Connections to Other Course Concepts
As aforementioned, there is a strong connection between this study and the topic of cyberpsychology, especially the cognitive and social-cultural schools of cyberpsychology. Some social science topics it touches on are security fatigue, a real phenomenon from overwhelming demands which may negatively affect cyber resilience due to increasing the helplessness subscale, and hyperbolic discounting where one looks at short-term gains over long-term gains which has a negative correlation with self-efficacy. This study is also a strong example of the practice of Human-Centered Cybersecurity by providing a tool to measure the human factors that NIST emphasizes.

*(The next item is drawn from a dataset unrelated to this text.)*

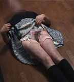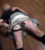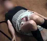 これから拷問が始まります。純子は床に横になり、スカートを捲り上げて太ももを剥き出しにするよう命令されます。

Connections to the Concerns of Marginalized Groups
The study examined the relationship between the level of cyber resilience and demographic characteristics of the participants (Johnson et al., 2023). In doing so they found that males reported greater resilience in terms of self-efficacy and learning and growth while females reported greater resilience through social support and lowered resilience through increased helplessness (Johnson et al., 2023). The study reports that the gender differences for efficacy and helplessness replicate previous findings in reported efficacy in cybersecurity settings (Johnson et al., 2023). This suggests women are at greater risk of cyber-threats, which highlights a concern from this demographic. These concerns over the greater risk of women over cyber-threats may be addressed with increased fostering of the principles of self-efficacy and a mindset conducive to learning and growth. One other concern of this study is it was exclusively Anglocentric in looking at the US, UK, Canada, and Ireland; other countries and cultures may yield different results and correlations for studies.
Overall Societal Contributions/Conclusion
This study has comprehensively laid out a valid framework for a cyber resilience assessment which helps translate purely technical solutions to human-centric matters. By parsing through various subscales and items it has been able to reduce it down to 4 core subscales of self-efficacy, learning and growth, social support, and helplessness, and 16 strong items that help the person taking the test discern where they stand for those 4 subscales. This test can help reduce the public’s vulnerability, mitigate “security fatigue” that negatively affects vigilance, and empowers individuals to better protect themselves from cybersecurity threats. This scale is conducive to a more cyber-resilient society by focusing on the human element, which is the ultimate source of most security incidents.